There is a story often told. It is a timeless story about the courtship between a good man and a gentle young woman. They marry. A family comes into being, into which a child is born. This is a story so often repeated in real time that its occurrences seem impossible to count: millions of instances of it have been spoken down through the generations. In essence, it is the story of mankind, because at its root all of human history can be encapsulated by those few sentences.
The good man was Joseph, and the gentle maiden, Mary. Their courtship, marriage, and journey towards family were also, of course, no ordinary story. As tends to be the case with any long-standing tale, it is shot through with flashes of wonder: supernatural interventions, miraculous conception and birth, the proclamations of heavenly hosts, the presence of wise men and kings. Perhaps most amazing of all, it includes the appearance of angelic beings to lowly shepherds who then travel to adore the baby born into humble circumstances. No typical story told of a heralded savior-king would likely include such unpretentious beginnings.
As you know, the child was the Christ, the Messiah prophesied to the Hebrew people. Therefore this is most definitely not just a commonplace story, but a model: an archetypal tale, one that expresses a transcendent truth.
It is fitting then, that this archetypal story is about the greatest prototypical relationship of all: the courtship of divinity with humanity, through which the divine and the human become a family.
How does this transcendent story unfold? There once was a man who was God. His name was Jesus. He came to court humanity, to woo it to himself, to make it part of His family. The Bible reveals that Christ is the bridegroom of the Church. Thus Christ is a lover who woos His beloved: He is actively engaged in a continual persuading of His bride, a tangible relationship of courting that began with His birth.
The Incarnation, which we remember each Christmas when we celebrate Jesus’ birth, is the greatest act of wooing in human history. It is when God himself became a man in order to pursue the object of His love: humanity.
What are the characteristics of a man who is wooing his beloved, courting her? There are many, but perhaps the most dominant ones include making himself known to her, approaching her with the intent that she learn about him, trust him, and come to know him well; proclaiming his love to her; and giving her gifts that foreshadow his later provision for her as her husband.
In the Incarnation, Christ does all these things.
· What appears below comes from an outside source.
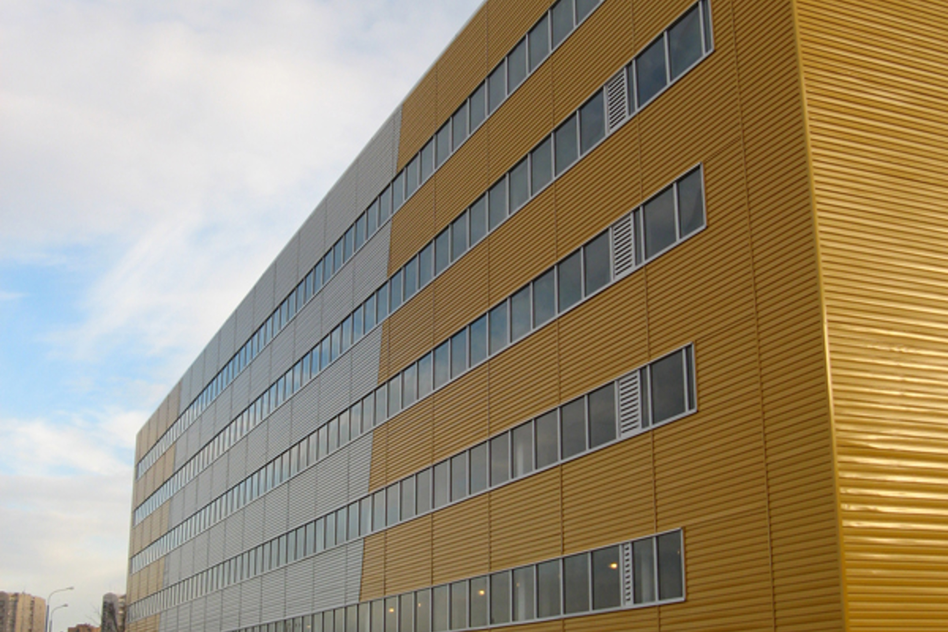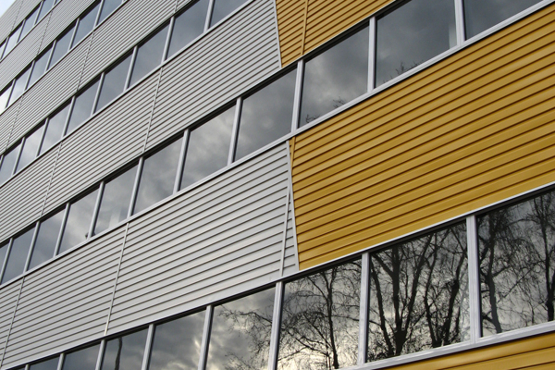 Облицовочный материал: металлосайдинг, ленточное остекление

He makes himself known to His beloved by coming to it in its own form: as a human. Now mankind can begin to know Divinity intimately, not as some ‘other,’ but as “Some One,” for He has become human, placed himself before us in a way we can learn to understand and relate to. He proclaims His love to us repeatedly, consistently showing kindness, mercy, healing, and affection. Ultimately, He gives His life for us, dying for humanity in an act of loving self-sacrifice so that we might live. He gives us gifts: grace, peace, and joy, and promises a life of provision with Him throughout eternity.
The Incarnation is an act of Divine wooing in which not only does the bridegroom become like the beloved, His Church, but He then blesses the beloved by perfecting her in His image: “Neither can they die any more: for they…are the children of God, being the children of the resurrection” (Luke 20:36); they are the ones who have “believed on His name” (John 1:12), and it is through this that they are fully able to call God their Father. “Beloved, now we are children of God; and it has not yet been revealed what we shall be, but we know that when He is revealed, we shall be like Him, for we shall see Him as He is” (1 John 3:2).
The Divine becomes human to woo humanity to divinity. In doing so, the Divine brings humanity directly into His family. As the shepherd-king David in Robert Browning’s poem, Saul, sings to comfort his sovereign:
‘He who did most, shall bear most; the strongest shall stand the most weak.
‘Tis the weakness in strength, that I cry for! my flesh, that I seek
In the Godhead! I seek and I find it. O Saul, it shall be
A Face like my face that receives thee; a Man like to me,
Thou shalt love and be loved by, for ever: a Hand like this hand
Shall throw open the gates of new life to thee! See the Christ stand!’